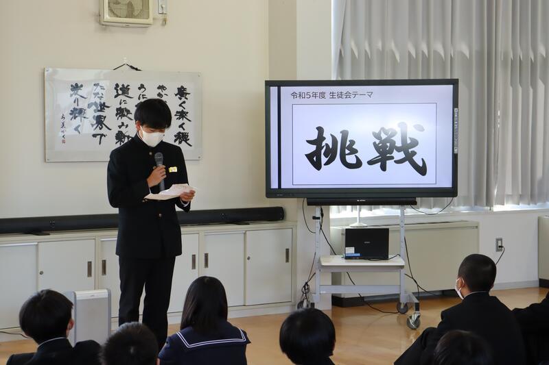 「『挑戦』というテーマには、いろいろなことに挑戦し新しい発見や学びをしたい、失敗をおそれない、自分から行動し誰かの役に立つ経験をしたい、などの思いが込められています。一人ひとりが新しいことに挑戦し、やる気と笑顔に満ちた楽しい学校にしていきましょう。」(生徒会執行部の発表より)
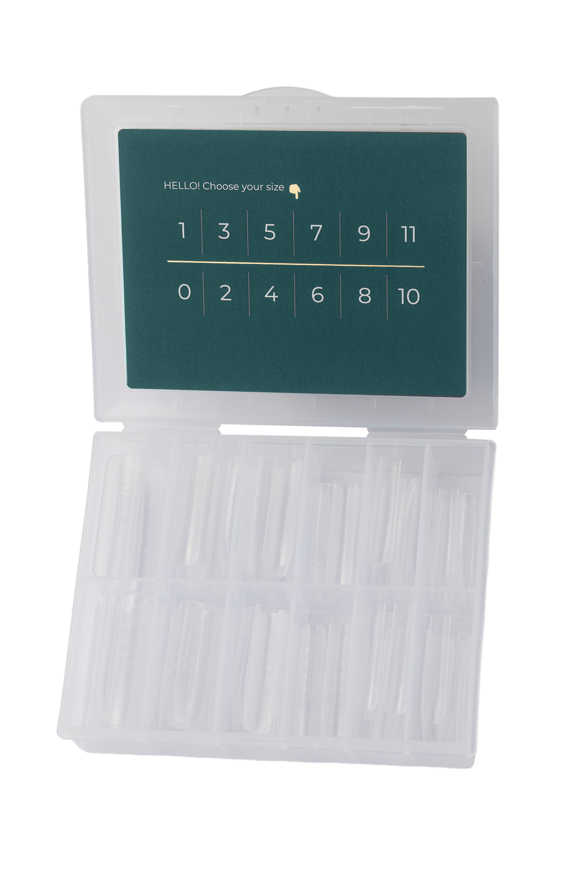 Komplektā ir 120 gabali: 12 izmēri pa 10 gabaliem katrā, lai jūs varētu viegli izvēlēties nepieciešamo formu jebkura veida un izliekuma nagu plāksnei.
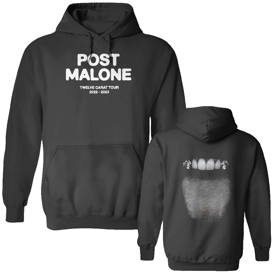 Own fascinating Post Malone Twelve Carat 2022 Tour Hoodie or see more Double Sided Hoodies products now from Printblur shop to enjoy your shopping time!
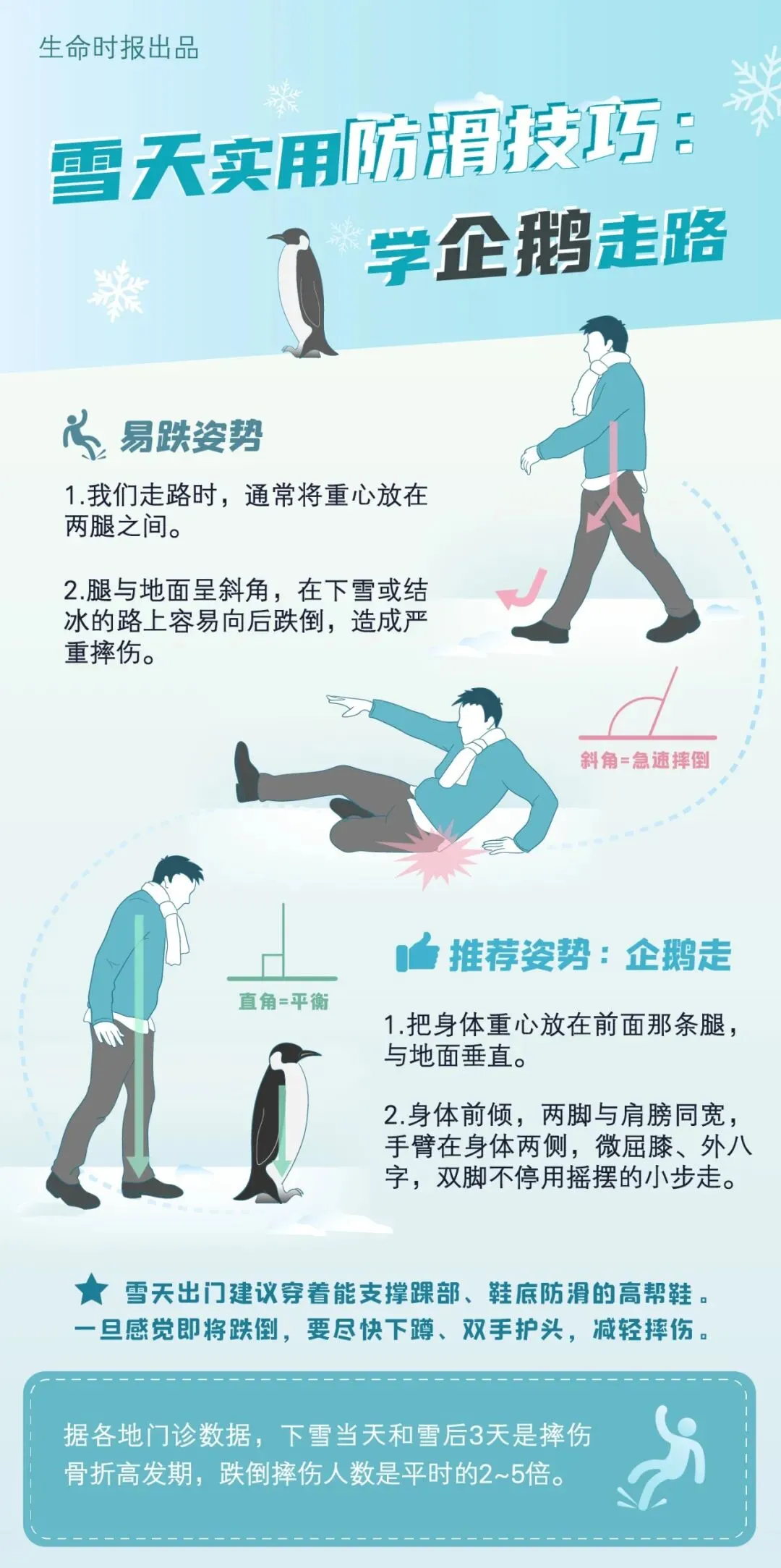 比如等红绿灯时,从停止状态迈出的“第一步”是最易滑倒的。另外,速度变快或变慢也会让身体平衡改变,所以雪天走路最好保持匀速。
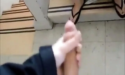 Shameless whore is sucking me off on the stairs and she's so merciless
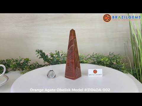 Crafted by master artisans in Brazil, this Orange Agate crystal obelisk showcases 4 smooth, flat sides that taper to a sharp, elegant point. Polished to perfection with a flat base for upright display, this crystal point stands tall as a testament to skilled craftsmanship. To achieve this dark orange color, the agate stones have been heated in a kiln which enhances the natural color and makes it a darker richer shade of orange.
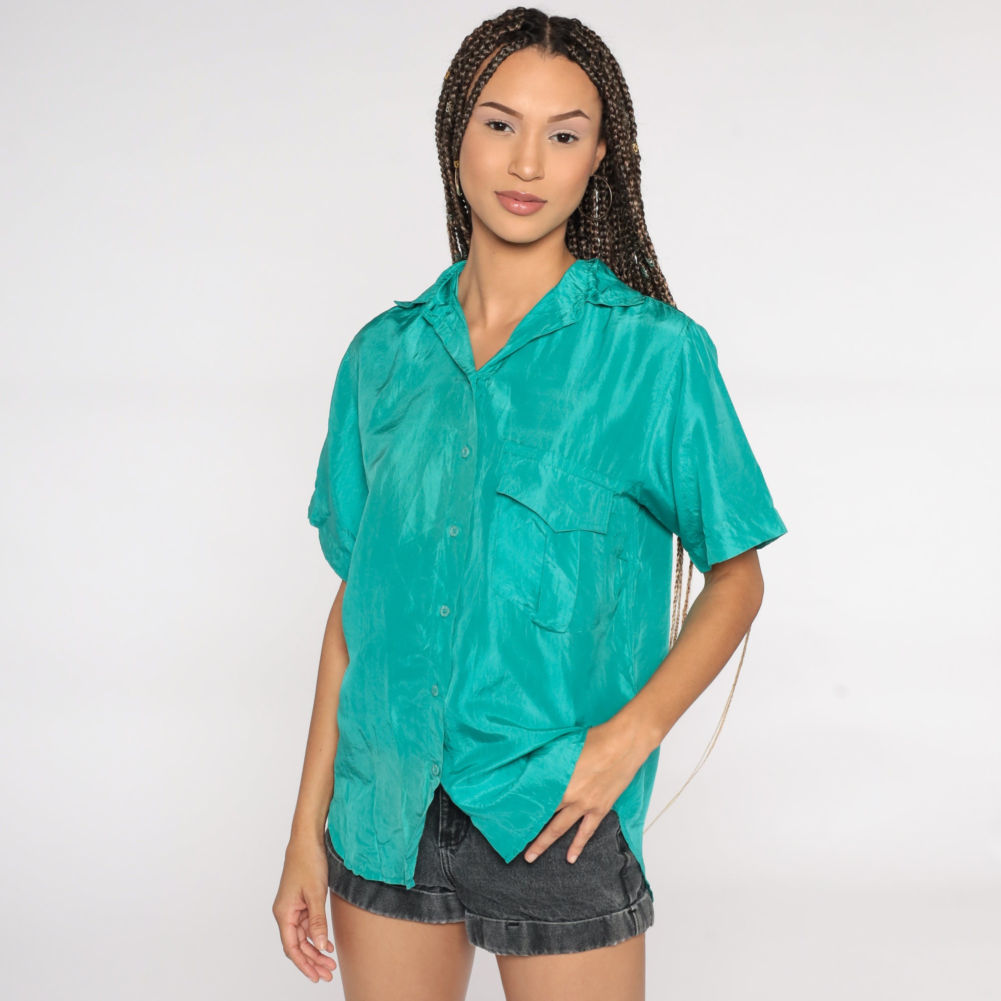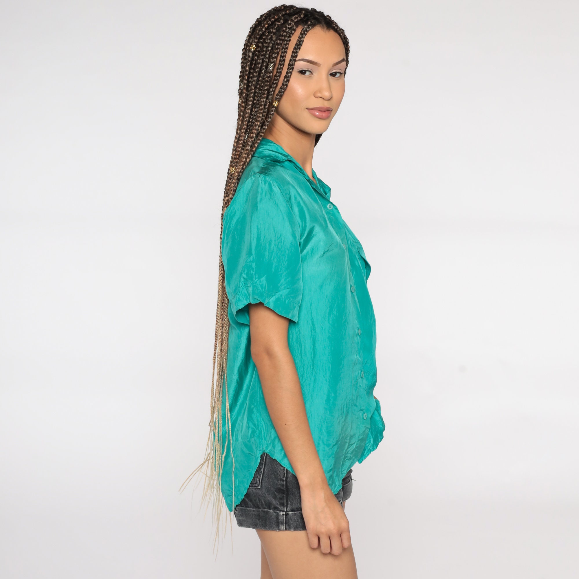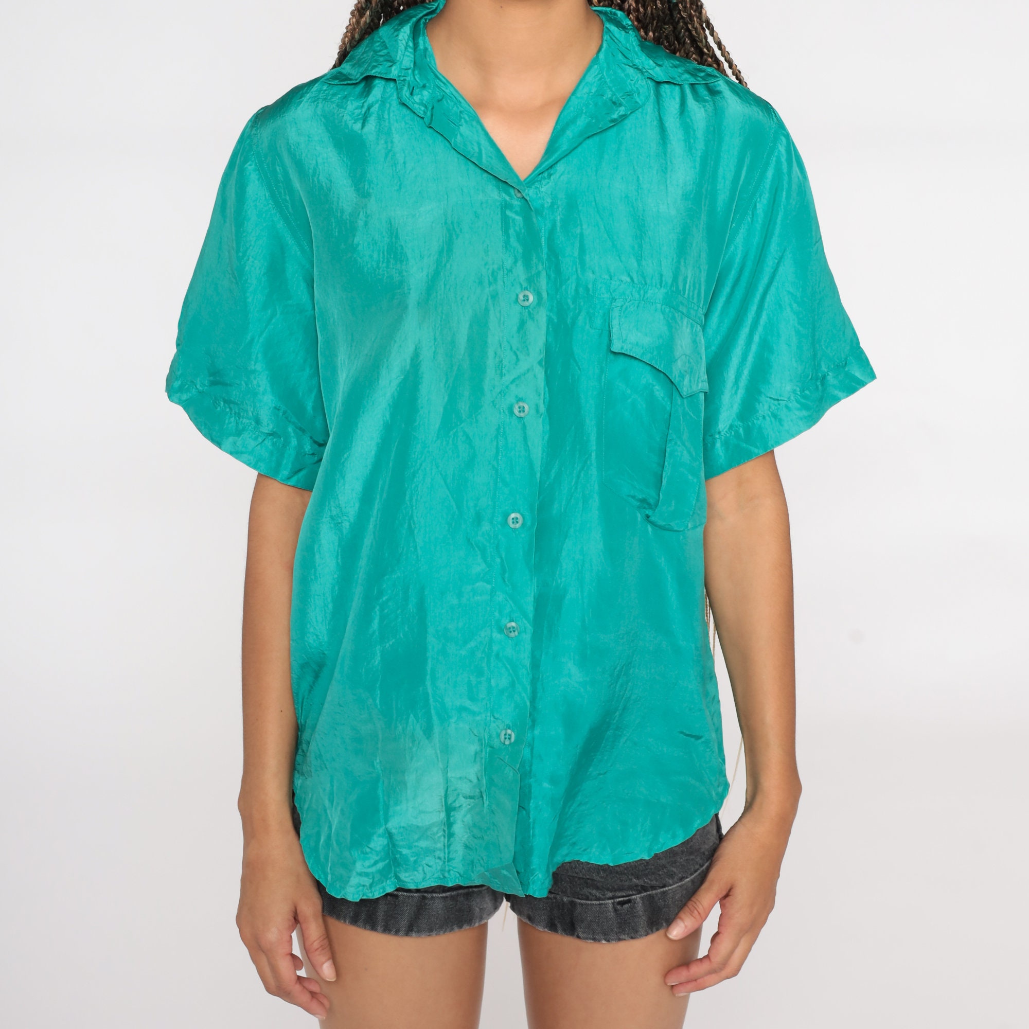 Vintage 90s shirt in turquoise silk and buttons up the front.

Task => Reproduce these records exactly, but not the pictures.

Solution for this problem =>
 「『挑戦』というテーマには、いろいろなことに挑戦し新しい発見や学びをしたい、失敗をおそれない、自分から行動し誰かの役に立つ経験をしたい、などの思いが込められています。一人ひとりが新しいことに挑戦し、やる気と笑顔に満ちた楽しい学校にしていきましょう。」(生徒会執行部の発表より)
 Komplektā ir 120 gabali: 12 izmēri pa 10 gabaliem katrā, lai jūs varētu viegli izvēlēties nepieciešamo formu jebkura veida un izliekuma nagu plāksnei.
 Own fascinating Post Malone Twelve Carat 2022 Tour Hoodie or see more Double Sided Hoodies products now from Printblur shop to enjoy your shopping time!
 比如等红绿灯时,从停止状态迈出的“第一步”是最易滑倒的。另外,速度变快或变慢也会让身体平衡改变,所以雪天走路最好保持匀速。
 Shameless whore is sucking me off on the stairs and she's so merciless
 Crafted by master artisans in Brazil, this Orange Agate crystal obelisk showcases 4 smooth, flat sides that taper to a sharp, elegant point. Polished to perfection with a flat base for upright display, this crystal point stands tall as a testament to skilled craftsmanship. To achieve this dark orange color, the agate stones have been heated in a kiln which enhances the natural color and makes it a darker richer shade of orange.
 Vintage 90s shirt in turquoise silk and buttons up the front.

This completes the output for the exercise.